A retrospective analysis was performed over the HCUP-NIS database focusing on the determination of the hospital outcomes for PD and PD with MDD patients. Descriptive statistics were used to summarize the results. The mean and standard deviations were used to explain the continuous variables. Pearson’s chi-square test and independent sample T-test were used for categorical data and continuous data, respectively. On the other hand, the categorical variables were shown in percentage values. We used discharge weight which is given in NIS database to obtain national represent inpatient data. A p-value < 0.05 was used as a reference to determine the statistical significance test result. All statistical analysis was done by SPSS 22 in this study [20]. Our study database does not contain patient identification. Thus, we were not required to take Institution Review Board (IRB) permission for this study.

Results

Extensive analysis was performed on 63,912 patients with PD and 1,445 patients with PD having MDD according to the hospital records. The preliminary results are presented below.

Demographics

Age Distribution

The patients were distributed according to their age group as shown in Table 1 and Figure 1. The result indicates that a total of 62.8% of PD patients and 63.4% of PD with MDD patients were in the range of 65 to 84 years age group, comprising the most common age of presentation of PD and PD with MDD (p-value < 0.001).

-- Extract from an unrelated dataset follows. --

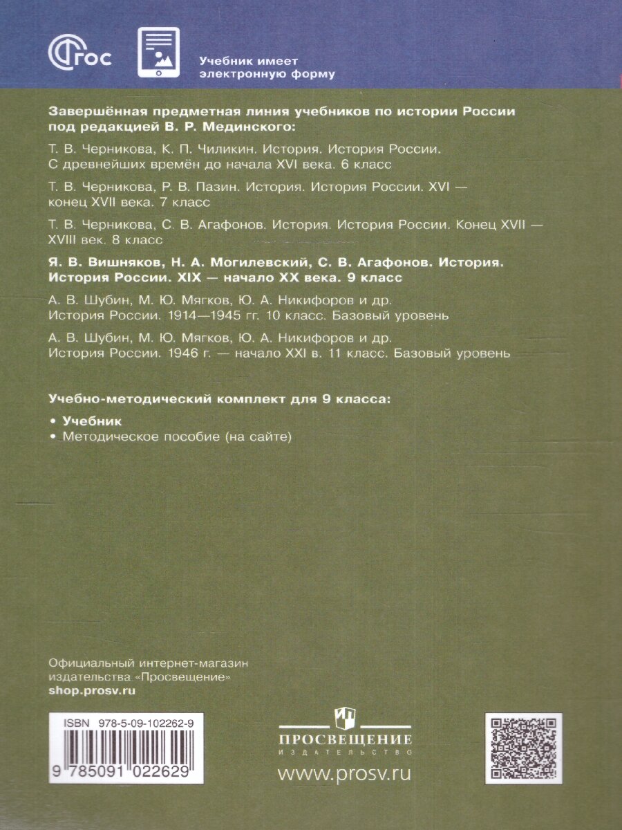 История. История России. XIX - начало XX века. 9 класс. Учебник (Вишняков Ярослав Валерианович, Агафонов Сергей Валерьевич, Могилевский Николай Алексеевич); Просвещение, 2024
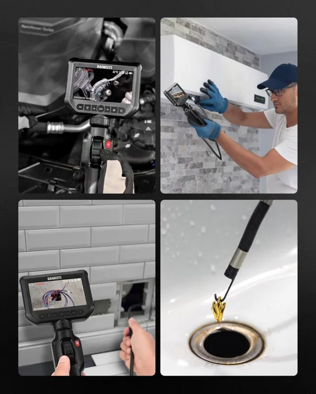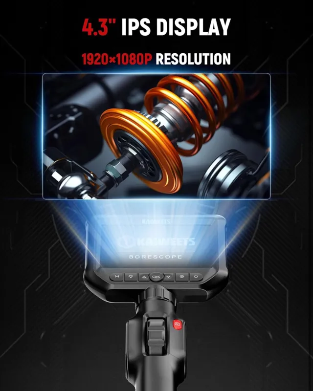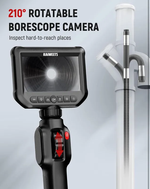 بروسکوپ مفصلی دو طرفه 210 درجه: با بروسکوپ مفصلی پیشرفته KAIWEETS که دارای قابلیت چرخش دو طرفه 210 درجه است، به راحتی در فضاهای تنگ حرکت کنید. این به شما امکان میدهد تا با دقت به مناطق دشوار دسترسی پیدا کرده و آنها را بررسی کنید. چه مکانیک خودرو باشید و چه بازرسیهای پیچیده انجام دهید، این بروسکوپ تضمین میکند که میتوانید دقیقاً آنچه را که نیاز دارید، حتی در فضاهای محدود، ببینید.

PD with MDD was less common in above 85 years age group which comprised of 8.5% of total PD with MDD patients in comparison to 12.5% of total PD patients (p-value < 0.001). The mean age of PD patients at the time of hospitalization was 71.7 years (S.D. = 11.296, p-value = 0.262) and 69.5 years (S.D. = 11.366, p-value = 0.262) for PD with MDD patients.

Age (in years) PD PD with MDD p-value
Mean Age ± S.D. 71.7 ± 11.296 69.5 ± 11.366 0.262
1-17  0.1% 0% <0.001
18-44 1.4% 2.7% <0.001
45-64 23.2% 25.4% <0.001
65-84 62.8% 63.4% <0.001
>85 12.5% 8.5% <0.001

Sex Distribution

The patients were distributed according to their sex as shown in Table 2 and Figure 2. PD was found in the greater proportion of males (62.7%), whereas PD with MDD was in the higher proportion of females (52.2%) (p-value < 0.001).

Sex PD PD with MDD p-value
Male 62.7% 37.3% <0.001
Female 47.8% 52.2% <0.001

Race Distribution

The patients were distributed according to their race as shown in Table 3 and Figure 3. PD was discovered in 80.3% of Whites and PD with MDD was found in 76.2% of Whites. The White race is an important risk factor for PD and PD with MDD. A greater proportion of PD with MDD was found in Hispanics (11.5%) and Asian or Pacific Islanders (4.2%) as compared to PD patients (6.7% and 2.3%, respectively) (p-value < 0.001).

Race PD  PD with MDD p-value
White 80.3% 76.2% <0.001
Black 7% 5.4% <0.001
Hispanic 6.7% 11.5% <0.001
Asian or Pacific Islander 2.3% 4.2% <0.001
Native American 0.5% 0.8% <0.001
Other 3.2% 1.9% <0.001

Geographic Region Distribution

The patients were distributed according to their geographic region as shown in Table 4 and Figure 4. The highest number of PD patients was found in Midwest (28.4%) and Southern (28.4%) regions of the United States, while the highest number of PD with MDD patients was found in Southern (34.6%) region of United States (p-value < 0.001). Prevalence of PD was lowest in Northeast region (20%), and PD with MDD was lowest in the Western region (18.2%) (p-value < 0.001).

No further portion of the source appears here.